Pictures found in the material must be left out, and every line returned as written.

● **Collected data**
=== Section Start ===

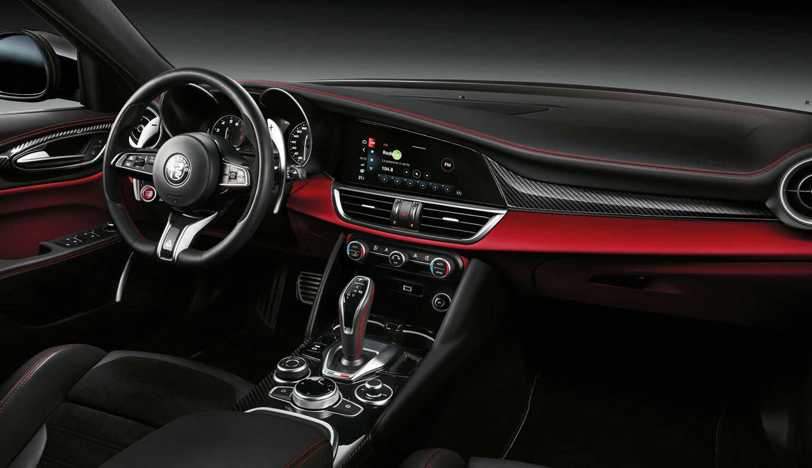 Στο εσωτερικό πρωταγωνιστεί η κεντρική οθόνη αφής 8,8″ με το νέο σύστημα πολυμέσων. Αυτό έχει νέα γραφικά και λειτουργίες που σχεδιάστηκαν αποκλειστικά για τις Quadrifoglio επιτρέποντας στον οδηγό να ελέγχει σε πραγματικό χρόνο την κατάσταση του αυτοκινήτου, τη θερμοκρασία των μηχανικών μερών, την απόδοση του κινητήρα, την πίεση του Turbo και άλλα στοιχεία τηλεμετρίας που αφορούν στην επιτάχυνση και συνολικά τις επιδόσεις του μοντέλου.
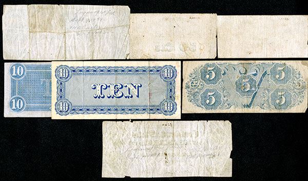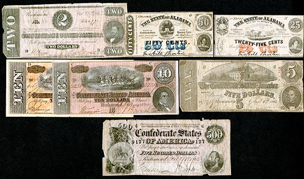 Confederate States. $5. 1863, CS-60; $500. 1864 CS-64; $10. 1864 CS-68; $2. 1864 CS-70; Plus Alabama State 25c and 50c notes of 1863 and a facsimile CSA $10. Generally Good with rough edges. 7 pieces.
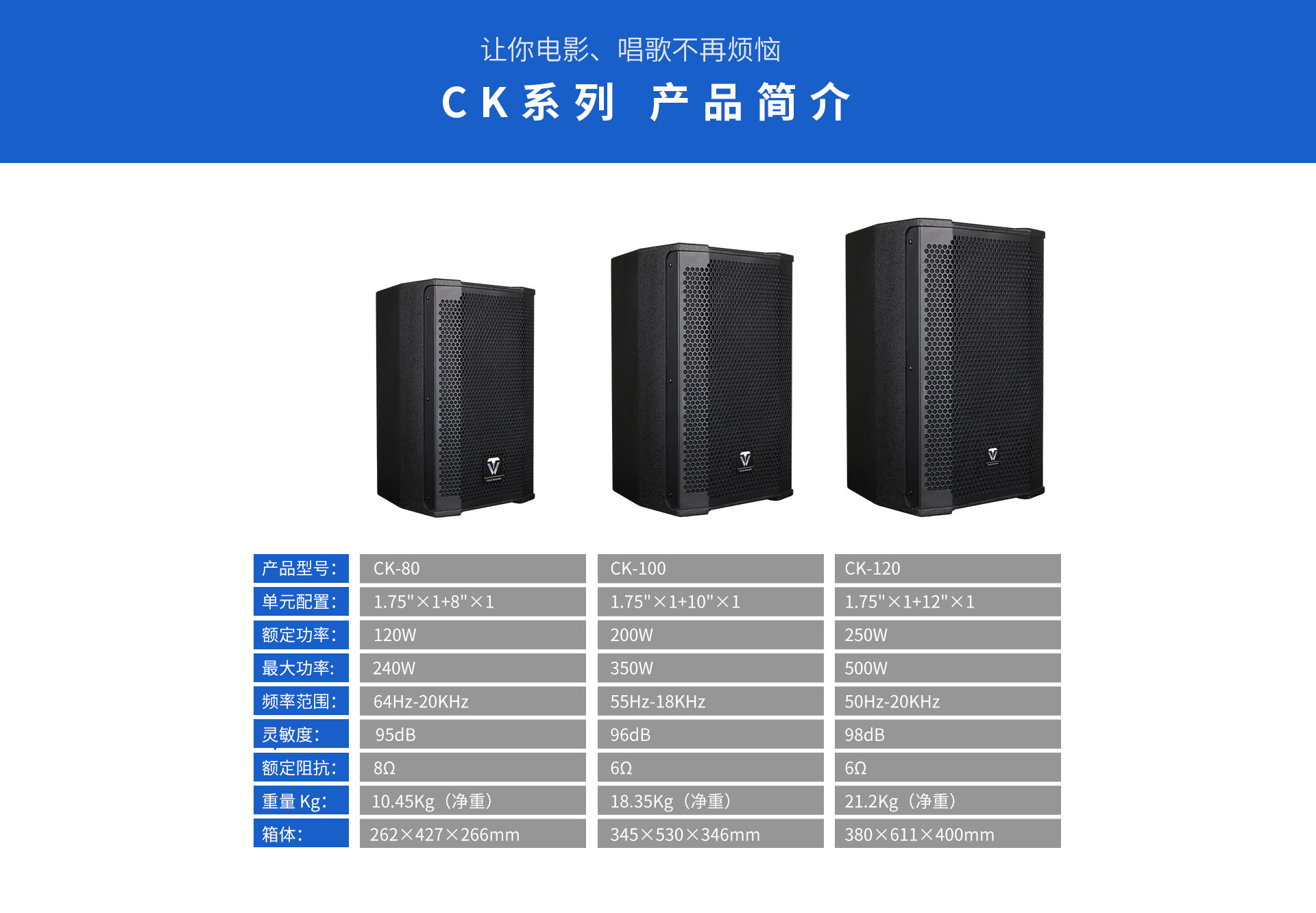 CK系列两分频专业全频音箱 一、整机特点 CK系列是天逸音响为当下市场量身定制的新产品,人声表现突出,中高频通透清晰、层次分明,后倒相式设计,增加低频弹性和下潜深度、低失真、高稳定性;适用范围广,是扩声系统中非常不错的选择。
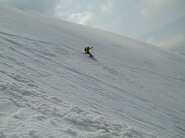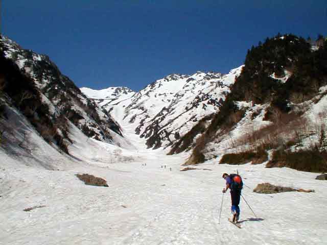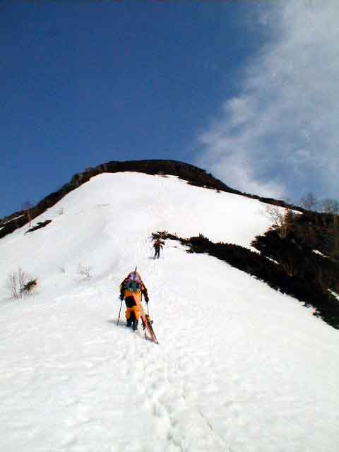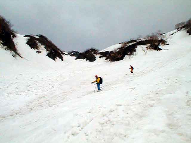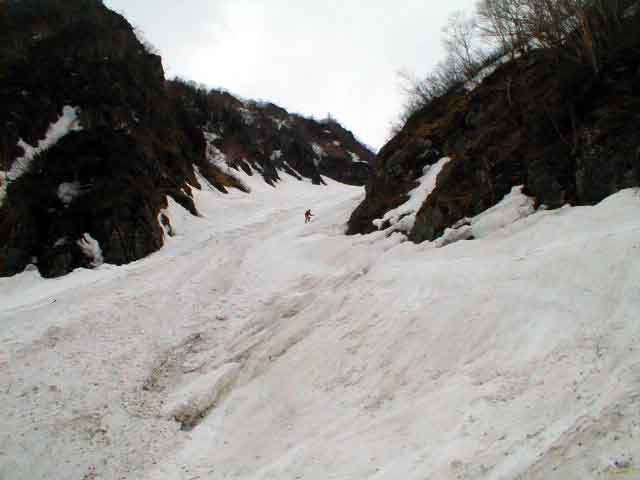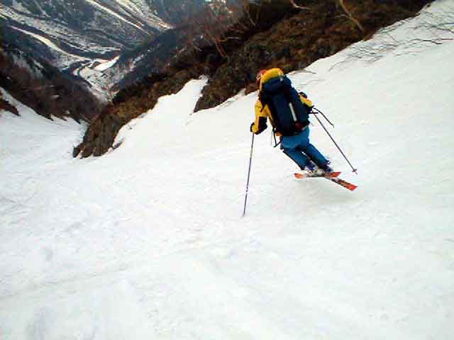 危ない。下の緩斜面にでたときはよれよれであった。雪の状態が良ければ

=== Section End ===

● **Exercise answer**
 Στο εσωτερικό πρωταγωνιστεί η κεντρική οθόνη αφής 8,8″ με το νέο σύστημα πολυμέσων. Αυτό έχει νέα γραφικά και λειτουργίες που σχεδιάστηκαν αποκλειστικά για τις Quadrifoglio επιτρέποντας στον οδηγό να ελέγχει σε πραγματικό χρόνο την κατάσταση του αυτοκινήτου, τη θερμοκρασία των μηχανικών μερών, την απόδοση του κινητήρα, την πίεση του Turbo και άλλα στοιχεία τηλεμετρίας που αφορούν στην επιτάχυνση και συνολικά τις επιδόσεις του μοντέλου.
 Confederate States. $5. 1863, CS-60; $500. 1864 CS-64; $10. 1864 CS-68; $2. 1864 CS-70; Plus Alabama State 25c and 50c notes of 1863 and a facsimile CSA $10. Generally Good with rough edges. 7 pieces.
 CK系列两分频专业全频音箱 一、整机特点 CK系列是天逸音响为当下市场量身定制的新产品,人声表现突出,中高频通透清晰、层次分明,后倒相式设计,增加低频弹性和下潜深度、低失真、高稳定性;适用范围广,是扩声系统中非常不错的选择。
 危ない。下の緩斜面にでたときはよれよれであった。雪の状態が良ければ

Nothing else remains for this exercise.